### Dataset excerpt
——

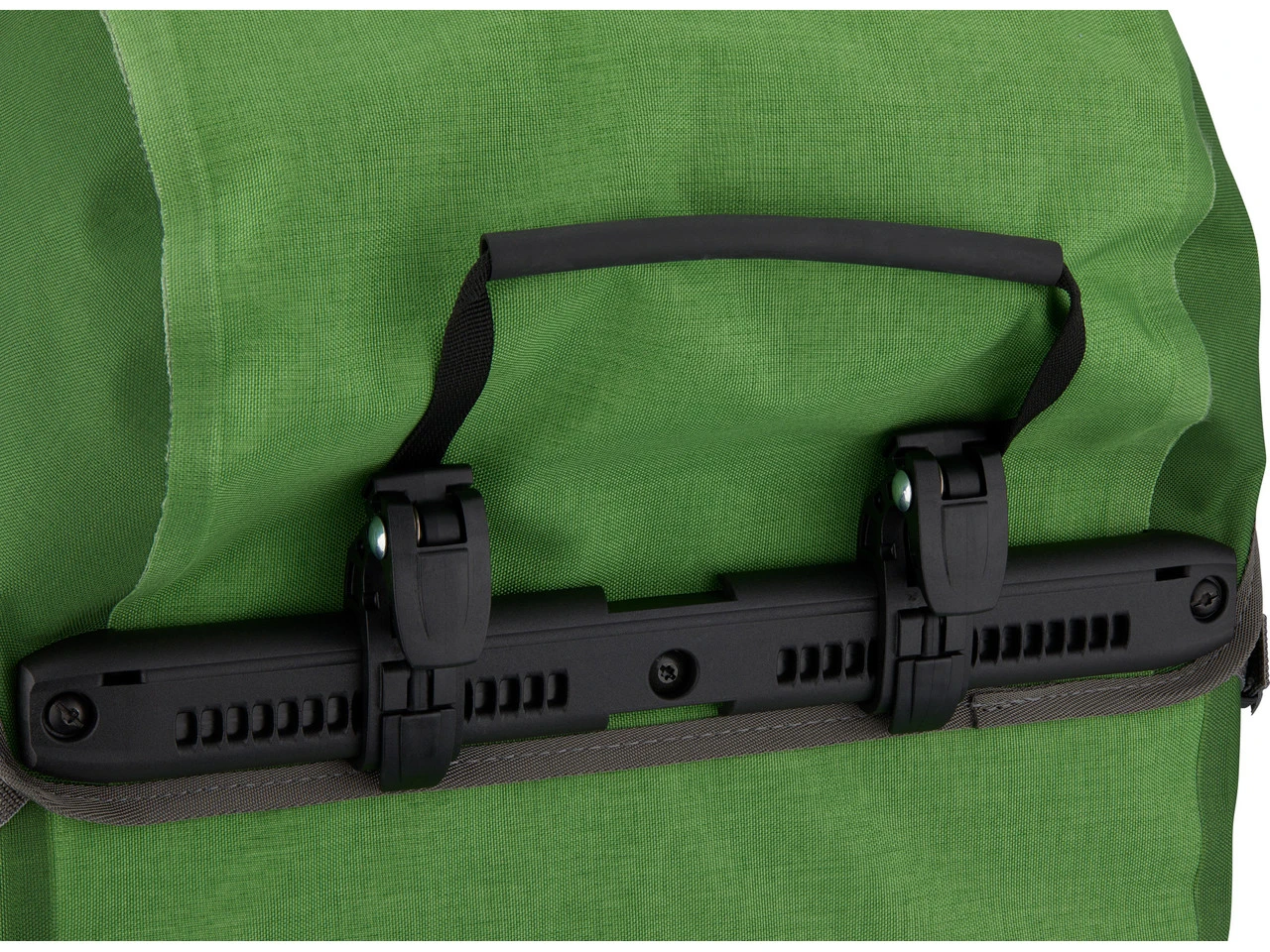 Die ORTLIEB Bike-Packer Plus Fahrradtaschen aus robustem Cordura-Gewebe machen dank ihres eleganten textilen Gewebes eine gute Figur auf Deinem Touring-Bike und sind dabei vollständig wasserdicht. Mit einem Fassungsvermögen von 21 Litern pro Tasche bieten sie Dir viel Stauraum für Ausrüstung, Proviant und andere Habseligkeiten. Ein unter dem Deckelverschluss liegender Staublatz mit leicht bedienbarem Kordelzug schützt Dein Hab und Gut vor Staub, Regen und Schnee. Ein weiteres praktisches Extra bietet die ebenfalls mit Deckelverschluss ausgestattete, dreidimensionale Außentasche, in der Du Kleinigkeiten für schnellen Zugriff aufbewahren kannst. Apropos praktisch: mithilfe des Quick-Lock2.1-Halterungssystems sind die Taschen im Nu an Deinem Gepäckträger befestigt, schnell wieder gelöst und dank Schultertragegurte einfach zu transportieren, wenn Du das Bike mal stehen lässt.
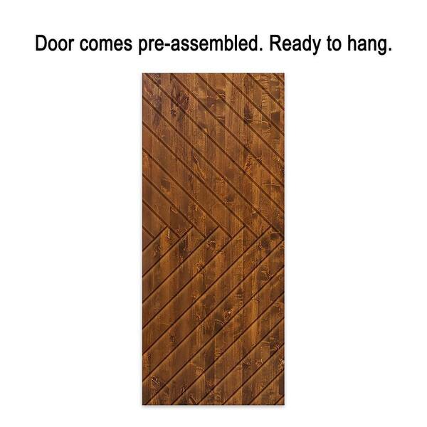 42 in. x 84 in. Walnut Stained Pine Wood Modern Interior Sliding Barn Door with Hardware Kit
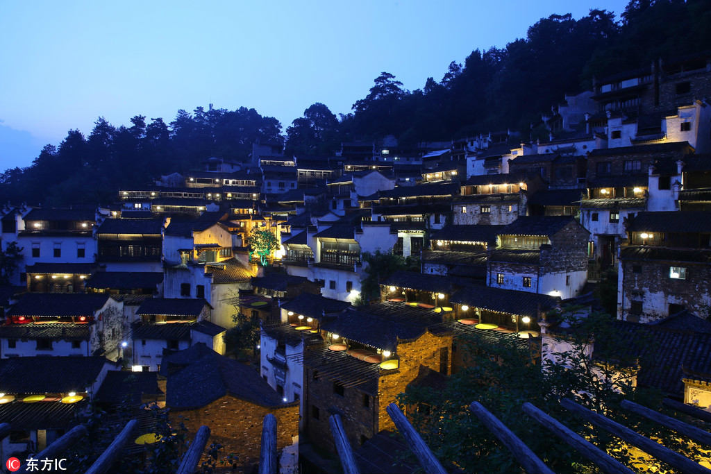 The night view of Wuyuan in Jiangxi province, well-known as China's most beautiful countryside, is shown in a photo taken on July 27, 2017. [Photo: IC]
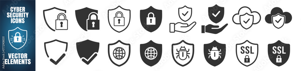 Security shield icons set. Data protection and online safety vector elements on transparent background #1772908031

——

### Prompt
Write the material out again word for word and omit any images.

### Solved exercise
 Die ORTLIEB Bike-Packer Plus Fahrradtaschen aus robustem Cordura-Gewebe machen dank ihres eleganten textilen Gewebes eine gute Figur auf Deinem Touring-Bike und sind dabei vollständig wasserdicht. Mit einem Fassungsvermögen von 21 Litern pro Tasche bieten sie Dir viel Stauraum für Ausrüstung, Proviant und andere Habseligkeiten. Ein unter dem Deckelverschluss liegender Staublatz mit leicht bedienbarem Kordelzug schützt Dein Hab und Gut vor Staub, Regen und Schnee. Ein weiteres praktisches Extra bietet die ebenfalls mit Deckelverschluss ausgestattete, dreidimensionale Außentasche, in der Du Kleinigkeiten für schnellen Zugriff aufbewahren kannst. Apropos praktisch: mithilfe des Quick-Lock2.1-Halterungssystems sind die Taschen im Nu an Deinem Gepäckträger befestigt, schnell wieder gelöst und dank Schultertragegurte einfach zu transportieren, wenn Du das Bike mal stehen lässt.
 42 in. x 84 in. Walnut Stained Pine Wood Modern Interior Sliding Barn Door with Hardware Kit
 The night view of Wuyuan in Jiangxi province, well-known as China's most beautiful countryside, is shown in a photo taken on July 27, 2017. [Photo: IC]
 Security shield icons set. Data protection and online safety vector elements on transparent background #1772908031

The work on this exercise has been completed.